19.03.2015 17:07:000
Paylaş Tweet Paylaş
PAZARLAMA TAKTİKLERİ
PAZAR PAYINA DİKKAT!
SORU:
Markalar içerik ölçümünü nasıl hesaba katabilir? 
“İçerik” halkla ilişkiler programının sadece bir boyutudur. Bir halkla ilişkiler programı da bir pazarlama programının sadece bir boyutudur. Biz bir pazarlama programının tek bir boyutunu ölçmeye çalışmanın çok büyük bir hata olacağına inanıyoruz. Bir pazarlama programı ya işe yarıyordur ya da yaramıyordur. Buna karar vermenin en iyi yolu markanın pazar payına bakmak. Artıyor mu? Aynı seviyede mi? Azalıyor mu? İşte hesaba katılması gereken ölçümler aslında bunlar. Pazarlama işinde geçen yıllarım boyunca ben bir pazarlama programının çabucak işe yarıyor veya yaramıyor diye yaftalanamayacağını nadiren gördüm. Pazar payları düşüyorken bile pazarlama müdürleri sıklıkla pazarlama programlarının içeriğini veya diğer boyutlarını ölçer ve şirket liderlerine kendi başarılarını raporlar. Bu hiç de iyi bir stratejik düşünme tarzı değil. Genel olarak konuşmak gerekirse eğer pazar payları düşüyorsa o zaman şirketin pazarlama stratejisini değiştirmesi gerekir. Ölçümleri unutun ve büyük resme bakın. Sıklıkla fiyatlandırma yanlıştır, dağıtımda hata yapılıyordur, ambalaj kötüdür veya markanın herhangi başka bir boyutunda bir arıza vardır. İyi bir pazarlama müdürünün bir pazarlama kampanyasını başlatmadan önce üründe değişiklikler yapmaya odaklanması gerekir. Şayet stratejisi doğruysa o zaman pazar payları muhakkak artacaktır.
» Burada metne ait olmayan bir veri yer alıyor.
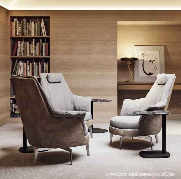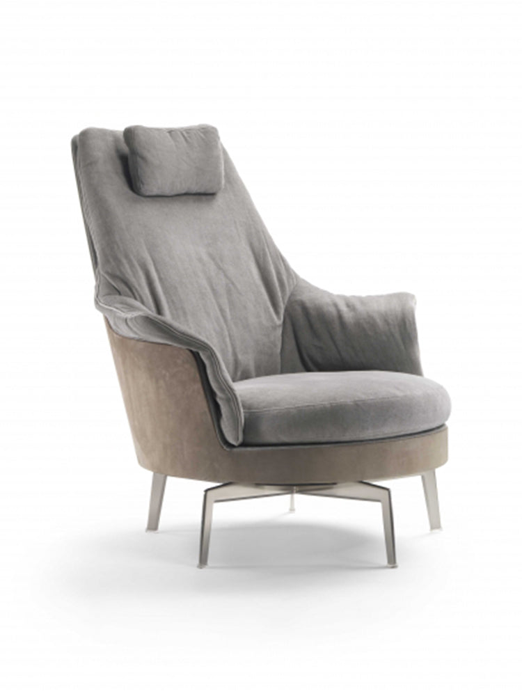 description | Guscioalto is an especially comfortable, high-backed wing chair (bergère) known for its couture tailoring. The structure is an enveloping shell made of structural polyurethane foam, while the seat cushion is in goose down with a core insert in crushproof material. To ensure the utmost in comfort, the Guscioalto Soft version comes with additional padding in the seat back and an extra layer of Dacron and memory foam. For an extraordinarily comfortable seating experience, Guscioalto Light features a unique contoured upholstered element that attaches to the seatback with velcro. The Guscioalto armchairs come with a lightweight, uncluttered – swivel or non-swivel – base with metal legs, based on an exclusive Flexform design, and available in satin, chrome, burnished, black chrome or champagne or finish. They also come in a version with wood base and legs in solid Canaletto walnut or ash, available in a number of shades. |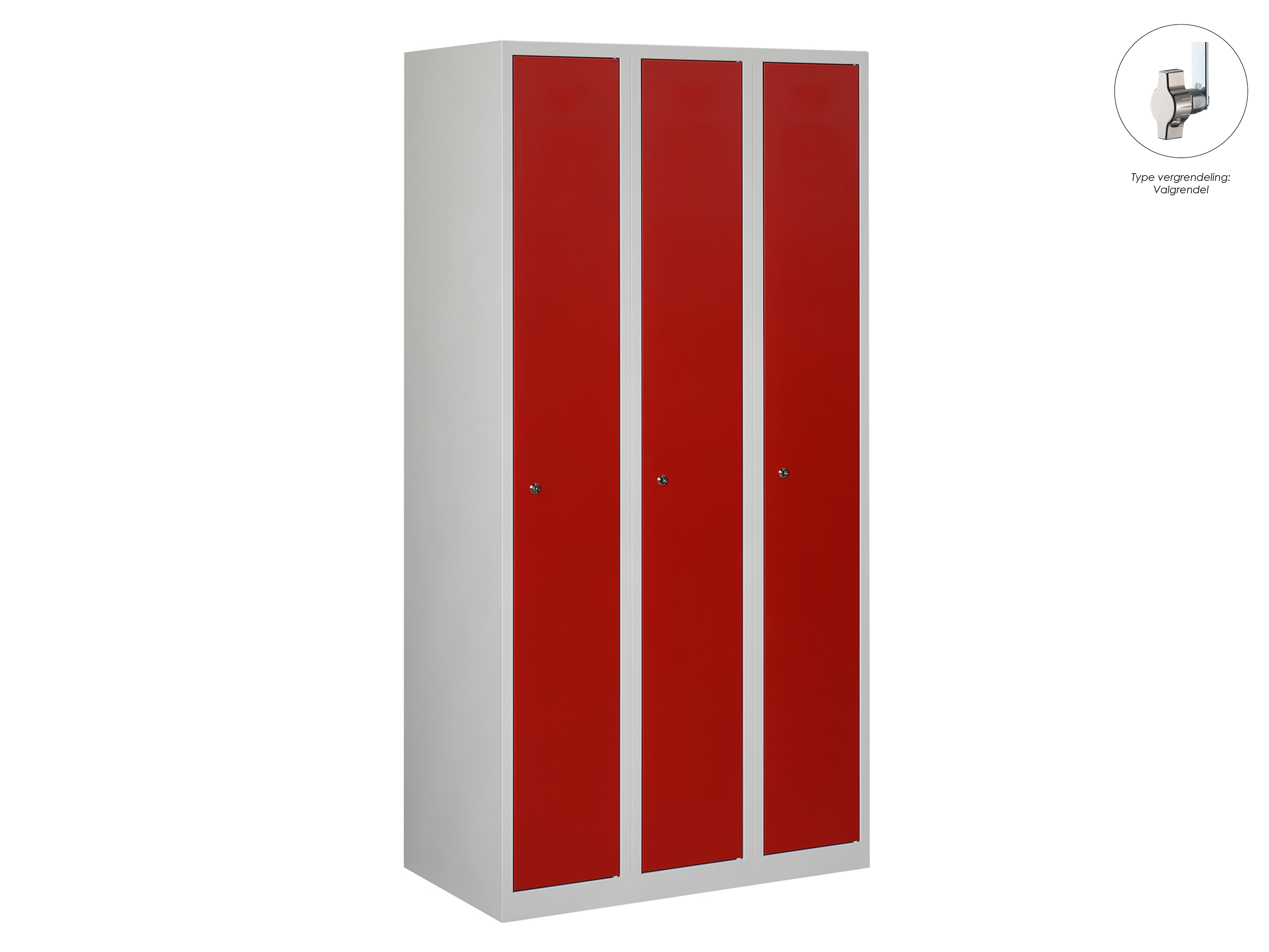 Type deuren: draaideur (glad zonder naamkaarthouder), type slot: valgrendelslot. Kleur romp: grijs (RAL7035), kleur deuren: rood (RAL3000). Afmeting: 180x90x50 cm (HxBxD). Indeling: Legbord & kledingroede Aantal deuren: 3, aantal sleutels: geen.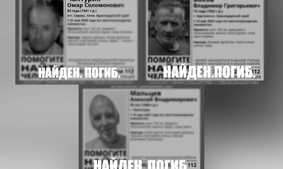 83-летнего Омара Чантурию разыскивали в «Сириусе» с 22 мая. В поисках участвовали волонтеры добровольческого поисково-спасательного отряда «Лиза Алерт» в Краснодарском крае. Уточнялось, что пенсионер нуждался в медицинской помощи и имел проблемы с памятью. К сожалению, пожилого мужчину обнаружили погибшим, об этом сообщили днем 25 мая в Telegram-канале «ЛизаАлерт». Местонахождение 72-летнего Владимира Бокова, жившего в Курганинске, было неизвестно с 10 мая. Его также разыскивали правоохранительные органы и волонтеры. Об обнаружении тела Владимира Бокова сообщили утром 26 мая. Также с 10 мая в Краснодаре разыскивали 55-летнего Алексея Мальцева. О том, что мужчину нашли погибшим, в Telegram-канале «ЛизаАлерт» сообщили днем 26 мая. Обстоятельства гибели пожилых мужчин неизвестны. Информация уточняется. Читайте также: пропавшую в Анапе пенсионерку нашли погибшей спустя месяц поисков. Речь идет о 65-летней Галине Созиновой, которая пропала без вести еще 15 апреля. Подпишись, здесь всегда ин

PAZAR BÜYÜDÜKÇE MESAJ DARALMALI
SORU: Topluluk yönetimini sosyal medya pazarlamasıyla yapmak mümkün mü? 

Sosyal medya, iletişim kurmanın fevkalade etkili bir yolu. Pahalı değil. Hemen hemen herkese ulaşıyor. Kullanımı da oldukça kolay. Sosyal medyadan (1) marka oluştururken, (2) toplulukları yönetirken, (3) bir politikacıyı seçtirirken faydalanabilirsiniz. Sosyal medyanın daha düzinelerce başka kullanım alanı var. Topluluk yönetimi pazarlamadan farklı olabilir, ancak her ikisi de sosyal medyayı son derece etkin kullanabilir. Burada mesele araç değildir. Mesele verilen mesajdır. Sosyal medya pazarlama programlarının çoğu başarılı olmakta sınıfta kalıyor, çünkü verdikleri mesaj ne eşsiz ne de farklı. Şirketler daha fazla küreselleştikçe, bu sorun büyüyecek. Pazar ne kadar büyürse mesajınızın kapsamının da o kadar daralması gerekir. Şirketlerin çoğunun verdikleri mesaj basma kalıptır, çünkü onlar tek bir marka altında geniş bir ürün yelpazesini pazarlamaya çalışır. Gelecek Apple gibi çok markalı şirketlerin.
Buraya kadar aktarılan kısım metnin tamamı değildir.